Substations have been equipped to perform automatic reclosing, bus sectionalising, load transfers, capacitor switching, etc. for many years. In the past, these and other functions were implemented using a combination of control panels, auxiliary relays, switches, lights, meters, transducers and extensive wiring and cabling. In many applications today, this perception is probably because developments in substation equipment have expanded the potential capabilities of substation.
Substation automation (SA) is not a new concept. People started adopting the changes in the technology to substation. SA term refers to obtaining information or data from intelligent electronic devices, control and automation capabilities within the substation, and control commands from remote users to control power system devices. This enables the electric utility to remotely monitor, control and coordinate the distribution components installed in the substation.
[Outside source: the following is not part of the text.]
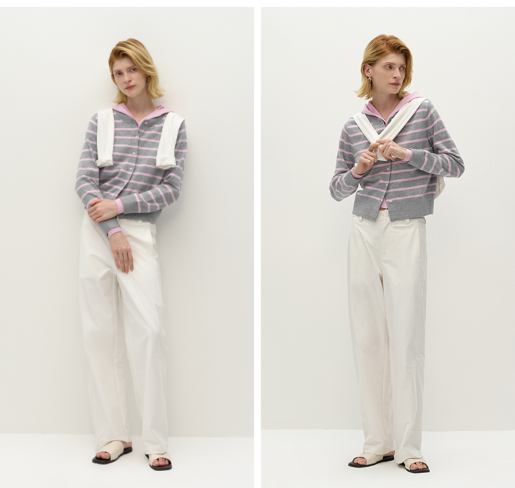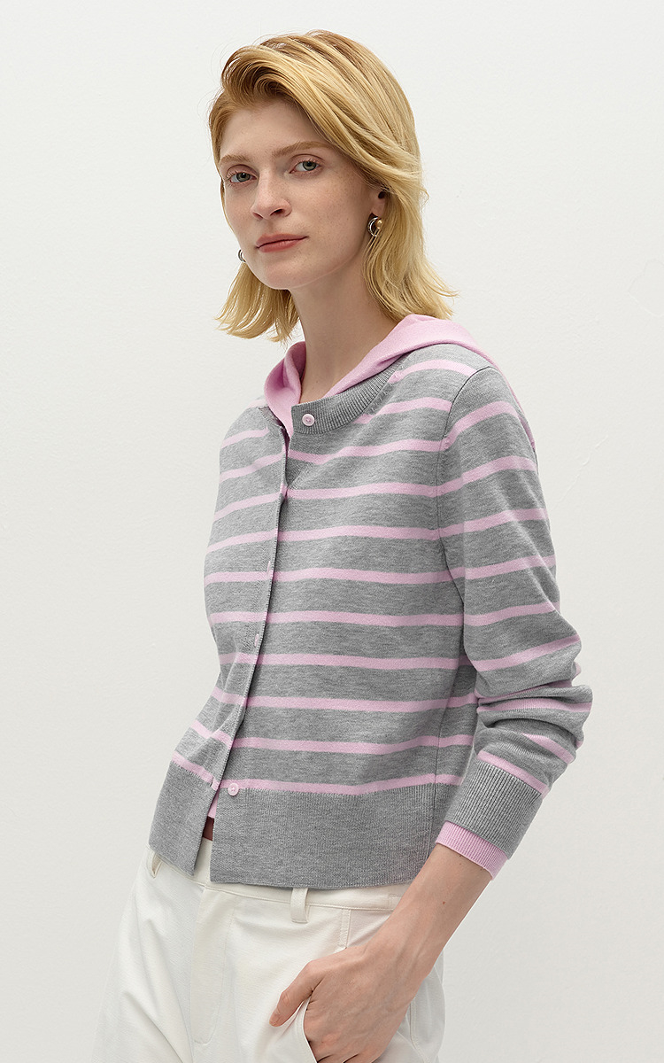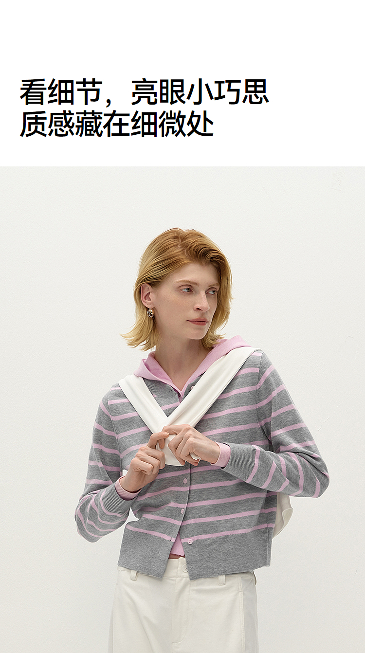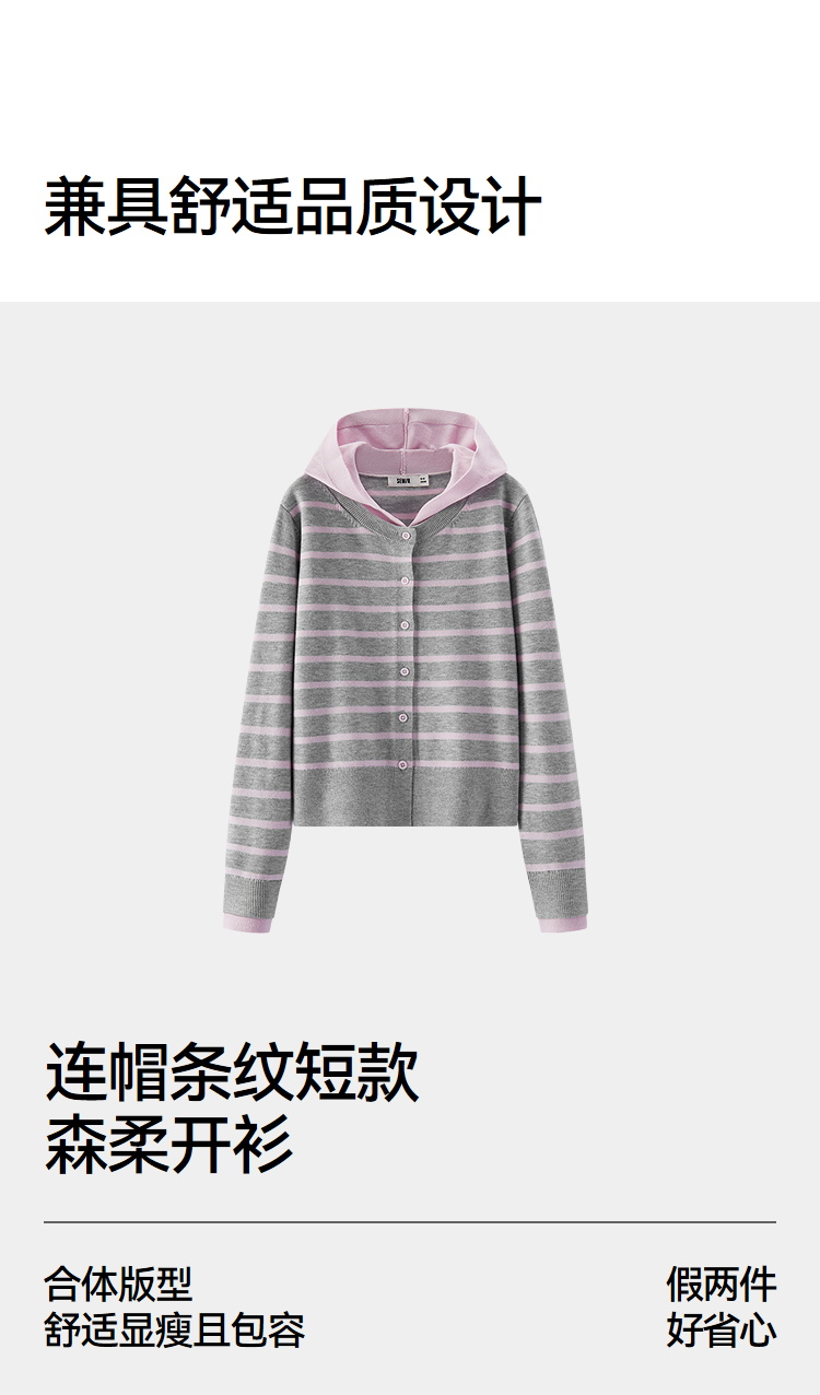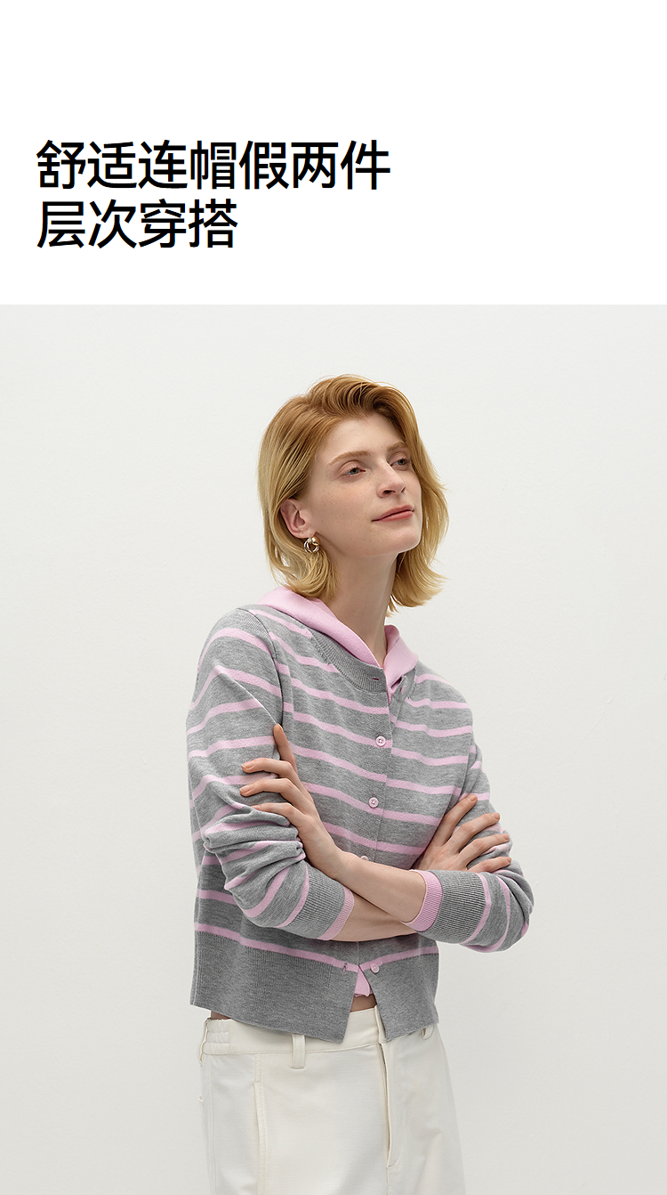 森柔|商场同款森马针织开衫女春短款条纹假两件2026新款复古毛衫

The use of substation supervisory control and data acquisition (SCADA) is one of the key points on the power grid automation, as well as on the utilities asset management, improving its monitoring and control capabilities, because of collected data by the whole substation automation system, like the intelligent electronic devices (IEDs), Remote Terminal Units (RTUs) and SCADA.
IEDs are installed in strategic locations to collect data and automatic protection of substation equipment. It includes microprocessor-based controllers of power system equipment, such as circuit breakers, transformers and capacitor banks. IEDs receive data from sensors and power equipment, and can issue control commands, such as tripping circuit breakers if they sense voltage, current, or frequency anomalies, or raise or lower voltage levels in order to maintain the desired level. Common types of IEDs include protective relaying devices, On Load Tap Changer controllers, circuit breaker controllers, capacitor bank switches, recloser controllers, voltage regulators etc. SA has to perform many functions and in IEC 61850, the functions are divided into sub functions. Each sub function is performed by the IED installed in the substation and it can perform one or more functions. A set of sub functions is integrated together to perform a substation automation function. Thus, data communication between the control center and IED remote points and among the IEDs is very important for real time operation.
SCADA is a computer system for gathering and analysing real time data. These systems are used to monitor and control a plant or equipment in industries such as telecommunications, water and waste control, energy, oil and gas refining and transportation. In addition, SCADA systems are needed to monitor and control a large geographical displacement where an organisation may not have enough manpower to cover. Thus, reliable communication and operability of these areas or sites is critical to profitability. The system is a common industrial process automation system which is used to collect data from instruments and sensors located at remote sites and to transmit data at a central site for either monitoring or controlling purpose.
RTU is a high-speed microprocessor controlled electronic device that interfaces objects in the physical world to a distributed control system or SCADA system by transmitting telemetry data to a master system, and by using messages from the master supervisory.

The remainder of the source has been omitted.